I'm actually inclined to agree with this. Don't understand all the Bielema love. Really don't think he'd be a sure thing by any means.
 
#80
Guys, are we serious with this Bret Bielema talk? He rode Alvarez's coattails to the top at Wisconsin (building essentially nothing himself) and was mediocre at best at Arkansas. He's notorious for being a total jerk, so I'm surprised when it's insinuated he could compile a strong staff.
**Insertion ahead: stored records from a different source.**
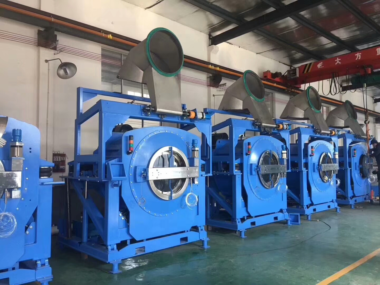 乾洗或水洗、烘乾、熨燙、包裝,就必須配置乾洗機、水洗機、烘乾機、熨燙臺及燙斗,以及衣物包裝機,同時還需配置一臺必備的輔助型設備,如蒸汽發生器,此設備對其他乾洗設備有輔助性作用,必不可少。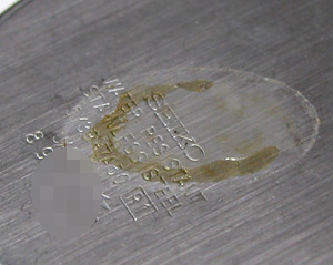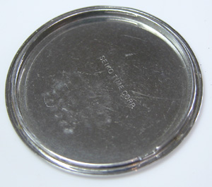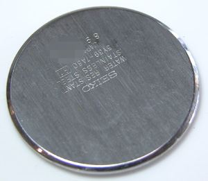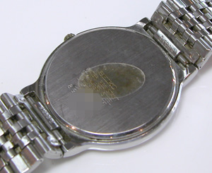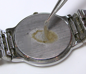 裏蓋は”はめ込みタイプ”シールと裏蓋表面の間に汗が入って腐食が始まっていますから剥がしておきましょう。
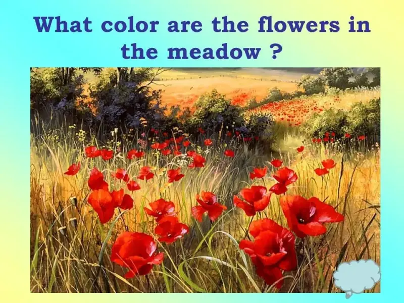 - What color are the flowers in the meadow?

I wouldn't touch that hire with a ten foot pole, and I'd be SO disappointed if that's who ends up succeeding Lovie at Illinois.
He won the companion sweepstakes though.
 
#81
Lovie gets fired after going 4-8 this year and not getting to a bowl game. Illinois native Jeff Monken gets brought in from Army and implements the triple option. Illini roll to a 12-2 record with a big ten championship and a rose bowl win in his first year. rFr Isaiah William goes 7/9 on the year throwing for 90 yards but racks up 1600 rushing yards to complement the trio of other 1000 yard rushers in the backfield. The Illini start a trend in the Big 10 and ultimately the nation in switching over to the triple option. Mike Leach struggles to resist the forces of the market and gets fired as the air raid offense falls out of style. Meanwhile, teams begin to overcompensate for the triple option offense, prioritizing run stopping over pass defense. The air raid offense, much like the bunt in baseball, remains out of style but a potentially disruptive tactic vs the triple option calibrated defenses. Jeff Monken retires from the Illini after a 12 year stint going a modest 6-9 in national championship games while restoring our program to its former glory. Mike Leach is brought in from his pirate ship where he has spent the last 6 or so years living in international waters to avoid paying taxes and perfecting the air raid 2.0–his answer to the triple option defenses. Obviously the most important player in the air raid offense is the quarterback, so a good quarterback coach is essential. Who does Mike Leach bring in to fill that position? You guessed it. None other than Gardner Minshew himself. With mustaches strapped, the Illini go a perfect 15 for 15 winning the national championship every year, achieving the success Nick Saban could only dream of.
 
#82
Guys, are we serious with this Bret Bielema talk? He rode Alvarez's coattails to the top at Wisconsin (building essentially nothing himself) and was mediocre at best at Arkansas. He's notorious for being a total jerk, so I'm surprised when it's insinuated he could compile a strong staff.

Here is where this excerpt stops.